But for RMS to make a commercial/noncommercial distinction is curious,
because Free Software doesn't make such a distinction. It is as happy
with sharing among friends and private modification at home for the
fun of tinkering, as with commercial distribution and private
modification for profit.

Creative Commons is fatally flawed in that it makes this distinction.
By trying to bridge the permission and free cultures, it falls down
between both. Non-Commercial use is really hard to define. There are
millions of blogs with Google Adsense, and for me, I'm a single
freelance consultant; anything I do that increases my public profile,
including this essay, can be construed as commercial activity.

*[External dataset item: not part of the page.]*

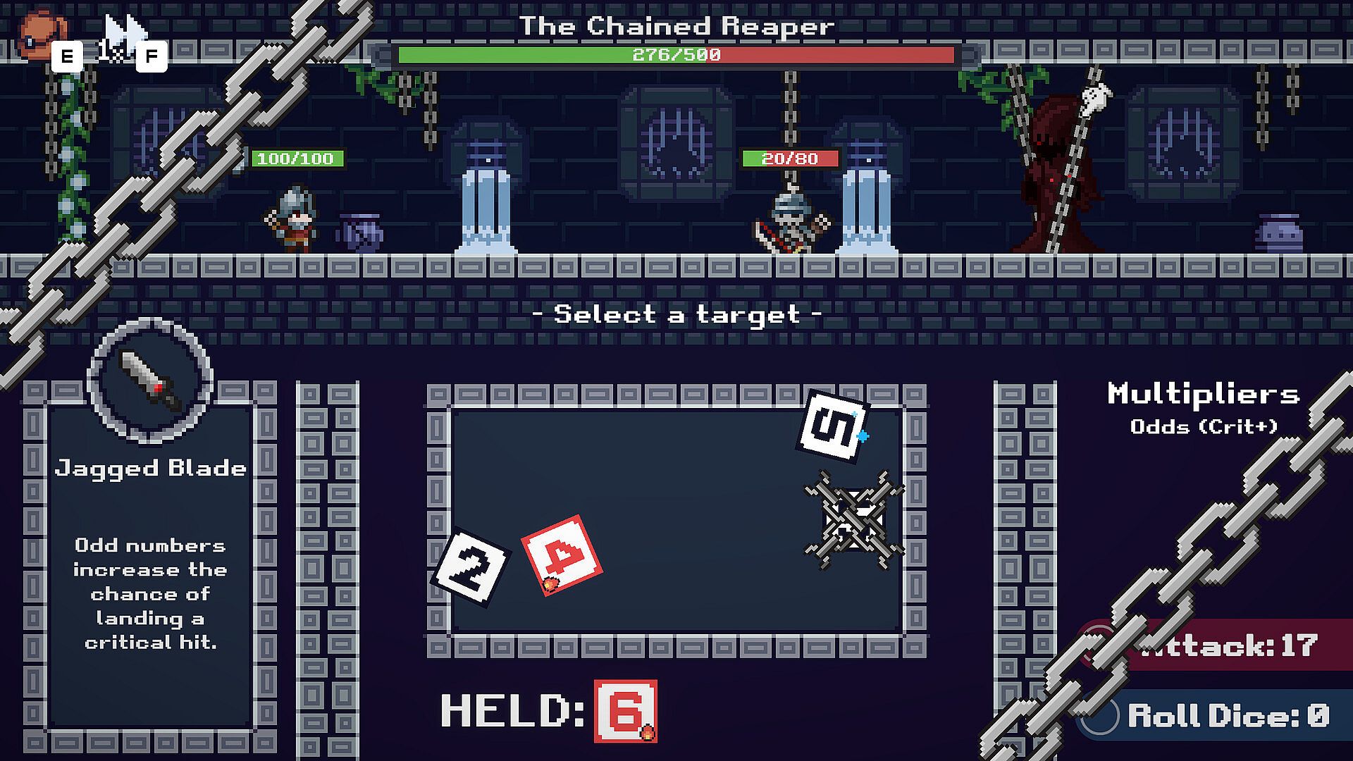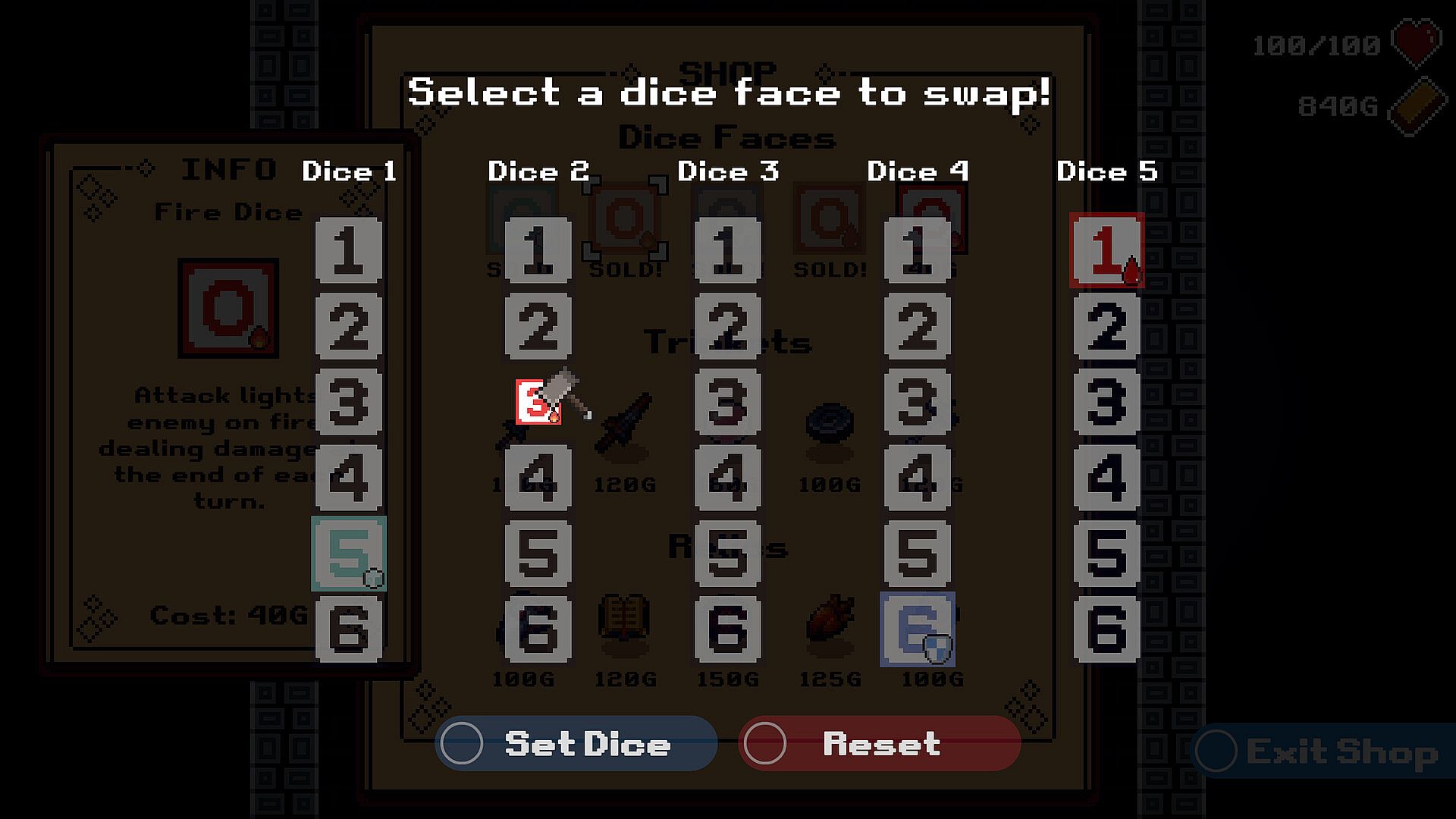 Finding new dice faces on your journey and crafting them onto your dice will allow you to apply special effects to your attacks! Upgrading your dice will be essential to conquering the dungeons! With the right dice you'll be able to inflict status effects on enemies, like burn, bleed, paralysis or confusion. Some dice can even apply buffs to yourself, like shield or reflect.
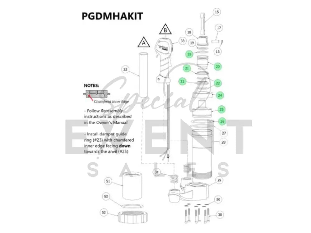 All parts required to replace the hammer & anvil assemble on a PGD3200, PGD3200X & PGD3200XPM driver.

"I cannot endorse Creative Commons as a whole, because some of its
licenses are unacceptable. It would be self-delusion to try to endorse
just some of the Creative Commons licenses, because people lump them
together; they will misconstrue any endorsement of some as a blanket
endorsement of all. I therefore find myself constrained to reject
Creative Commons entirely."  - RMS, http://www.p2pnet.net/story/7840

Where the different licenses do have things in common, they aren't
cross-compatible, so it isn't even creating a real commons: the LGPL
allows you to upgrade to the full copyleft power of the GPL if it
becomes strategic to do so; you can't convert CC-BY to CC-BY-SA in the
same way, so its more like 'Creative Ghettos'.

However, the single silo of CC-BY-SA is very much in the spirit of
copyleft free culture, and competes with the GNU FDL. Fortunately,
compatiblity is planned. In short:

1. Works licensed under FDLv1 can usually be upgraded to FDLv2 because
of the "at your option any later version" phrase in the start/preamble

2. Works licensed under any CCvN can always be upgraded to CCvN+1
because of the "at your option any later version" phrase in the middle
of the license (that is not highlighted in the 'human readable' deed)

3. FDLv2 documentation with no invariant/etc sections can be upgraded to SFDLv1

4. SFDLv2 will be compatible with CC-BY-SAv3 or if not with v4...


6. PROFIT!!!

This is based on my reading of the (S)FDL drafts up on gplv3.fsf.org
and background reading [13]

Since there are a lot of valuable projects out there under CC-BY(-SA)
and as the licenses cannot be switched, and their spirit is free, I
have no problem contributing to them. For example, I recommend
gNewSense use Tango artwork which is CC-BY-SA. I wish it was GPL, but
its not, and I can live with that.

But they are far far from ideal.

For RMS makes a non/commercial distinction because he's rooted in the
culture of the mechanical age and notions of freedom and privacy; he
focuses on an anonymous micropayment system. But this is really a
distraction from a lucid description of what really counterbalances
the folk process: "artistic integrity."

So I think the right way of treating "3" is as functional works, but
in a way that respects artistic integrity.
Fonts are one of the last frontier for Free Software, because they are
a perfectly even balance between function and art. Since very
different kinds of people become expert in software to join the free
software movement, and become expert in typeface design and font
development, there have been almost zero people in the world who are
expert in both. The first person to do both, Victor Gaultney, wrote a
new license, the SIL Open Font License, for his font "Gentium" [8]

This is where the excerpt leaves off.